In a joint statement, FedEx and TNT said that they have not received a Statement of Objections regarding the proposed deal from the European Commission (EC). 
Following news earlier this month that the planned $4.8 billion acquisition of Netherlands-based TNT-NV and a provider of mail and courier services and the fourth largest global parcel operator, by FedEx may be showing signs of coming closer to fruition, with TNT’s shareholders formally giving their blessing on the proposed deal, the deal’s prospects improved further yesterday.
FedEx and TNT added that the internal deadline of the EC for issuing a Statement of Objections would have expired October 23, “but Fedex and TNT have been informed by the [EC] that no Statement of Objections will be issued.”
The statement concluded by saying that FedEx and TNT continue to expect that the Offer will close in the first half of calendar year 2016.
This news represents a shift from late July, when the EC launched an investigation to assess if the proposed acquisition “is in line with the EU Merger Regulation,” adding that there are concerns in regards to various European markets for both international express and deferred small package deliveries, with the merged company facing insufficient competitive constraints from UPS and DHL, the other two large remaining players in that space.
And it added that such a scenario could lead to higher prices for both businesses and consumers. The European Commission said it has…until December 7, to “investigate the proposed acquisition and to determine whether these initial concerns are founded.”
The Wall Street Journal reported on October 1 that European regulators are mulling demanding concessions for this deal, like asset sales, that could alter the current path of this deal.
And it added that European Union regulators could serve FedEx with a formal complaint listing their concerns by around mid-month, noting that a move like this usually is followed be negotiations over potential discussions. Should FedEx be required to sell assets, the WSJ said that finding a viable buyer could be hard as TNT only has two true European customers, UPS and DHL.

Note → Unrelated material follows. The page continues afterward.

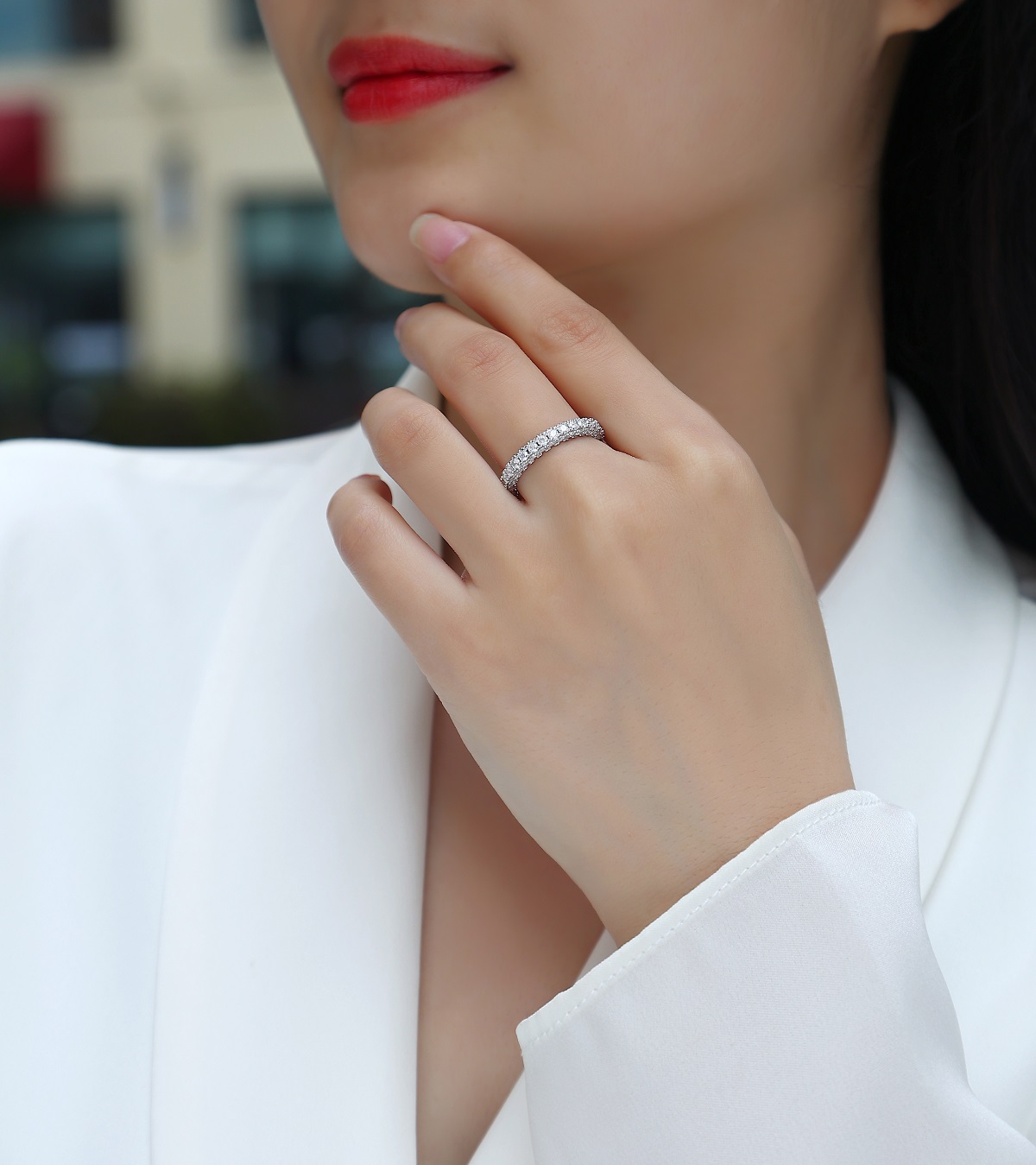 Pond Moonlight - A Wedding Ring Set With Top-quality Moissanite S925 Silver And Platinum-plated Diamond. The Ring Can Be Inspected With A Diamond Pen

This is not the first time TNT has been featured in a deal with the prominent global parcel payer. In 2012, it was close to being acquired by FedEx’ chief rival, UPS for $6.8 billion, but the deal was squashed, following a formal decision from the European Commission, the executive body of the European Union, which prohibited the acquisition. Many of the EC’s concerns over the deal were due to the competitive parcel landscape in Europe.
Earlier this month, FedEx officials said the meshing of FedEx and TNT Express presents a highly pro-competitive proposition for the provision of small package delivery services within and outside Europe.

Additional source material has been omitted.